No sólo estuvo con nosotros los días de sus secuencias, quiso estar durante toda la filmación de la película haciendo una bitácora de lo que iba ocurriendo durante el día a día, a veces difícil, muchas otras jocoso. Alex Cantú, el fotógrafo lo bautizó como el Sr. Bitácora, y ahí se volvió un amigo definitivo para toda la pandilla ‘milnubera’. Porque la verdad es que el día no estaba completo sin su gloriosa aparición y sin su apoyo fraterno en un rodaje enormemente complejo que nos llevó juntos a Querétaro, Guerrero, Morelos y por todo el DF. Joaquín estaba fascinado por el ambiente de la película hasta que llegó el momento del bautizo. Claro que a los pocos días volvió a llamar por teléfono como si no pasara nada y ambos dimos por zanjado el asunto. Afortunadamente su nivel de arrepentimiento era similar a su ira.

Cuando la pelécula estuvo terminada viajamos juntos a nuestra más tensa Berlinale, que sin embargo se vio siempre aligerada por su buen humor y porque al final del día acabamos ganando el premio Teddy, momento que celebramos juntos con una euforia inusitada. Me enorgullece incluso que las únicas fotos que él colgó en su Facebook tienen que ver con esa película y con la estancia en Alemania. Ese año el festival dedicaba su retrospectiva anual a las películas filmadas en 70 mm, y fue así que pudimos disfrutar de West Side Story como jamás lo habíamos hecho.

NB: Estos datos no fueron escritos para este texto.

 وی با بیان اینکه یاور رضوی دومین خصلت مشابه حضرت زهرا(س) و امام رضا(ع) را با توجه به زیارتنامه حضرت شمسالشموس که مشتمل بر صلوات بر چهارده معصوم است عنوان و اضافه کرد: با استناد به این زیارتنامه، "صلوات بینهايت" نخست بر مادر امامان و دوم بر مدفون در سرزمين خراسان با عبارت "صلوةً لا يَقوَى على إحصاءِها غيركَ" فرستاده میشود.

Porque el musical era punto y aparte en su vida. Cada vez que podía escapaba a Nueva York o a Londres para verlos y el día de la entrega de los Premios Tony su vida se paralizaba. Lo mismo ocurría con las películas musicales, directores como Busby Berkeley, pleno de suntuosas coreografías, o Stanley Donen y Jacques Demy, al lado de actores como Gene Kelly, Judy Garland y su mayor devoción por Julie Andrews, formaban el verdadero Olimpo de una cinefilia enormemente amplia (donde el cine mexicano siempre tuvo cabida), que extendió por todo el país, como si fuera la Rosaura de Río Escondido, entendiendo la docencia como un verdadero apostolado donde comunicaba un entusiasmo, el de su pasión por el cine, a cientos de alumnos.

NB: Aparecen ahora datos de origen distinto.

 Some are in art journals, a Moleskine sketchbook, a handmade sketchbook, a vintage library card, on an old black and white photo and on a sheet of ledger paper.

Podría recordar muchos viajes memorables a su lado, pero guardo en mi corazón el de mi única estancia en Cannes, donde dormimos juntos y él fue capaz de soportar mis terribles ronquidos, lo cual lo hizo acreedor automáticamente a ser uno de los mejores amigos de mi vida. Aquel 2006 asistimos ahí a nuestras primeras exhibiciones digitales, de las cuales ni siquiera nos dimos cuenta por lo perfectas que eran, y rematamos algunas noches en el Zanzibar, donde años atra?s Rock Hudson también se fue de copas. Estuvimos en su natal Durango, invitados por Juan Antonio de la Riva, en pleno periodo de influenza, y tuve el privilegio de caminar con él por las calles donde se encontraban los extintos cines de su infancia.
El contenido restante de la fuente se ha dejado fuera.